The “Moderate” Myth


    Politicians in the Republican Party of today know that their party has travelled too far to the right.  They know that the ideologies espoused by their tea party base are out of touch with the majority of voters. This is why you get Republican senators who in the 90’s were in favor a health care reform, but now oppose essentially the same legislation.  A Republicans biggest fear is not a government take over, the erosion of family values, or even losing to a democrat in the next election.  With districts being so well Gerrymandered Republicans fear their own; they fear a challenge from the right, they fear their own primaries.  Just ask former six term Senator Dick Lugar. He lost to Richard Murdock, a tea-party affiliated candidate who beat him in a landslide in his primary.

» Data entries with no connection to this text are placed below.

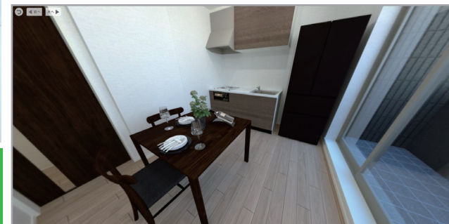
※写真は完成前の想定パースとなります。
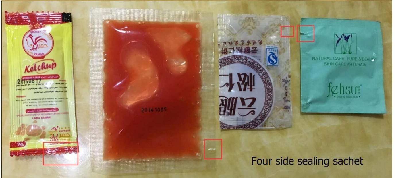
Four side sealing sachet
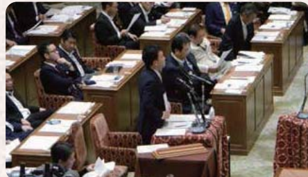
●H27.7.1 / 平和安全法制特別委員会(一般質問)
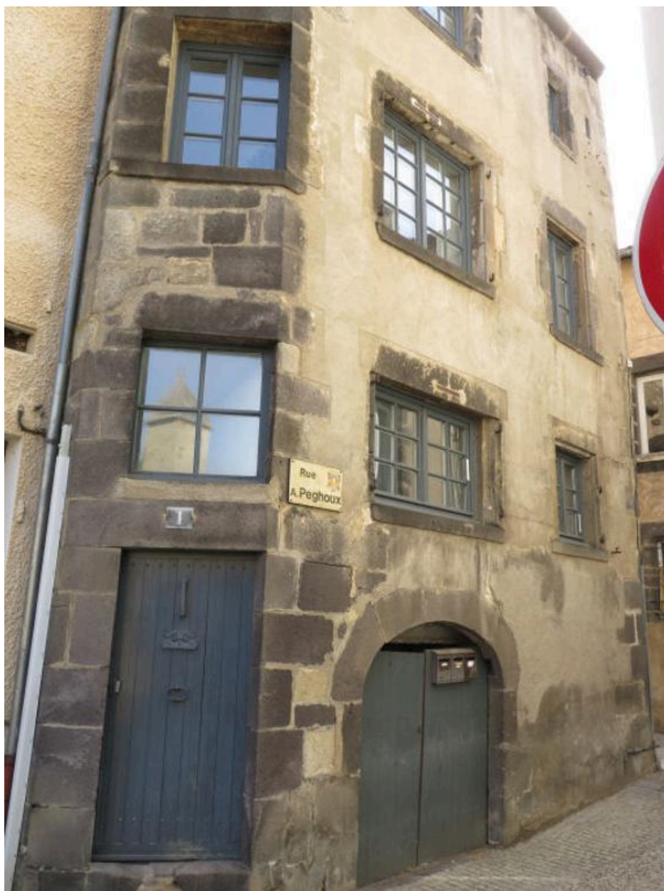
Vue partielle de la façade principale

    This is why you get Republicans who vote very conservatively, and brag about that record in the primary, but then claim to be bipartisan and moderate in the general elections.  Political junkies know this, it is apparent to us, and we understand that this is a necessity of being a politician in today’s age. We tell our political junkie friends.  We discuss how transparent their ploys are over coffee.  We do this, all the while complaining and wondering why “normal” people, people who do not read all the local blogs, don’t see through these transparent moves.  We reside in our echo chamber complaining about why more people don’t vote, why they don’t see the logic in our policy positions, and how they don’t see through the flip-flopping and hypocrisy.

    We as political junkies, on campaigns, on the hill, as lobbyists, as lifelong activists lack perspective of the “common man”.  Three percent of voter eligible people voted in this last off year primary and that same percentage of the people determined the democratic nominees for every state position.  Republicans have an even lower percentage of people determining their candidates (Incidentally this is why they got stuck with Ken Cuccinelli and E.W. Jackson).  We know why these people were chosen and we saw the writing on the wall.  But what all of us junkies don’t do, is an effective job of explaining all of this to the “common man”.  Instead of effectively communicating with them we just sit there like Jane Goodall studying them, watching them, but not understanding why they don’t see what we see.

    In the 34th district we have a prime example of this.  Del. Barbara Comstock has voted for the personhood bill, to allow guns in bars, to repeal one-gun-a-month, against the bipartisan transportation bill, against teacher pay raises, against lowering classroom sizes, and to block implementation of the Affordable Care Act.  Yet if you asked the “common man” in McLean, Loudoun, Tysons, they will tell you how nice she is, they will cite stories about how she brought attention to Lyme Disease.  And when you tell them about her voting record, they will chase you down the street yelling at you, calling you are a liar.  We wonder how could they be this naïve? How could they not have gone through the truly terrible website to find the answers?  The answer is because we have not done our job.  We talk to each other forming an echo chamber, instead of talking to the voters, dispelling the “moderate” myth, exposing how each of these votes will negatively impact them.  We must leave our echo chamber and work to dispel the “moderate” myth.